Altruistic behavior was assessed using a donation task (Grusec & Redler, 1980), administered near the end of the lab visit and before children received their prize. Children were given an opportunity to donate their prize tokens to anonymous sick children (fictitious), so that they could also get prizes even though they were unable to come into the lab. The task was divided into three sections:

Section 1: Instructions

The examiner explained the donation task to children while they were seated at a table. Children were told that they had earned 20 prize tokens, enough to get a really great prize. The examiner then said she had another job working at a hospital with sick children who couldn't come to the lab to earn prizes. The examiner explained that if the children wanted to, they could donate some of their own prize tokens by moving tokens from their own box to a separate box reserved for the children in the hospital. Both boxes were placed on the table in front of the seated children. Children were told “You can give them all of your tokens, some of your token, or none of your tokens. It's up to you.” To ensure children understood the task, the examiner asked children to identify which box was for their tokens and which box was for the children in the hospital. Children were given a bell to ring when they were finished deciding, and the examiner then left the room.

Section 2: Decision

Children were left alone in the room to decide whether and how much to share by taking tokens out of their box and placing them into a box for the sick children. Children rang a bell to signal that they were done and ready for the examiner to come back into the room.

Section 3: Conclusion

The examiner returned to the room, closed the token boxes without looking inside, and put away materials. Children were not offered feedback on their behavior during this time.

Cardiac data

Three disposable, pre-gelled electrodes were attached to children's chest to obtain ECG signal. An additional 4 electrodes were placed on children's chest and back to obtain ICG signal. Cardiac data were collected, edited, and processed using ambulatory monitors and software from MindWare Technologies (Gahanna, Ohio).

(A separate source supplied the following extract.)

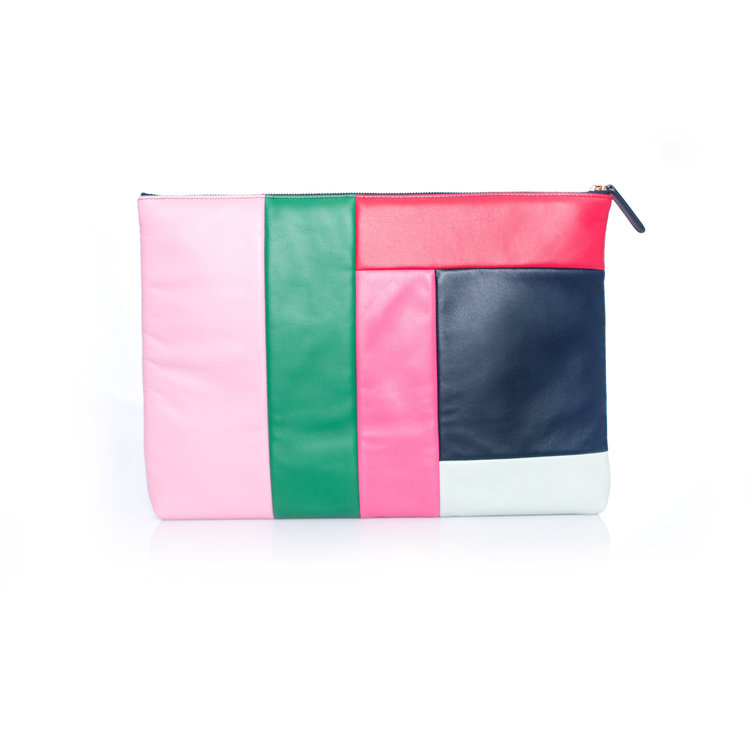 Chanel, Lederen multikleur patchwork clutch (2015). Het item is nieuw en komt met de dustbag en certificaat. Het item kan ook gebruikt worden als laptop hoes.
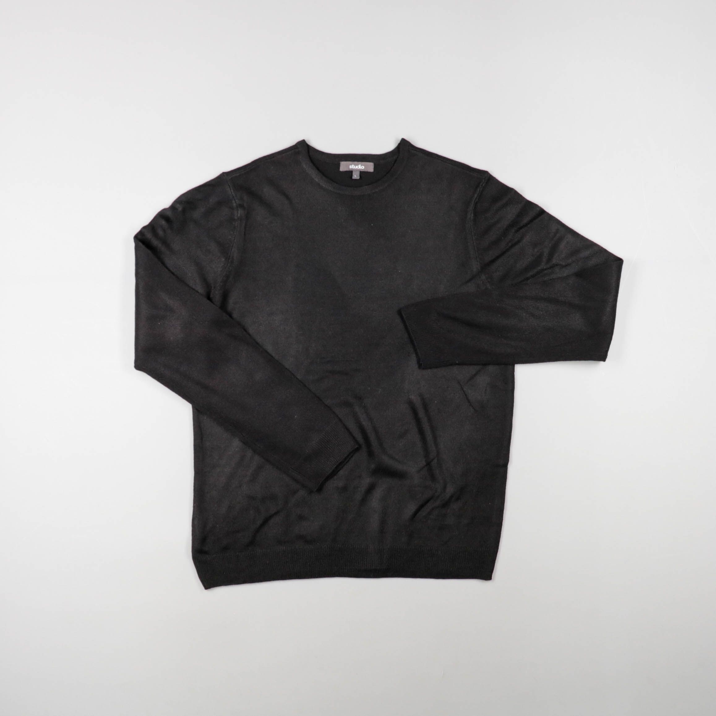 Мужской джемпер Studio чёрного цвета с круглым вырезом и длинным рукавом. Подойдёт для повседневных образов и офиса, удобно носить как самостоятельный верх или слоем под куртку. Практичный базовый цвет легко сочетается с джинсами и брюками.

Respiratory sinus arrhythmia (RSA) refers to heart rate variability that corresponds with breathing and is a measure of parasympathetic nervous system activity (i.e., vagal tone) (Berntson et al., 1997). Spectral analysis of the ECG data was used to compute RSA (Berntson et al., 1997). The frequency band-pass parameters to quantify RSA were set to .24 to 1.04 Hz (Huffman et al., 1998) and sampling rate was set at 500 ms. The first derivative of change in the impedance signal (dz/dt) was used as an estimate of respiration (Ernst, Litvack, Lozano, Cacioppo, & Berntson, 1999) and was controlled for in the computation of RSA. RSA values were computed in 15-s epochs over the course of the altruism task. This is a common epoch length for computing RSA in developmental studies using shorter tasks (Huffman et al., 1998; Miller et al., 2013).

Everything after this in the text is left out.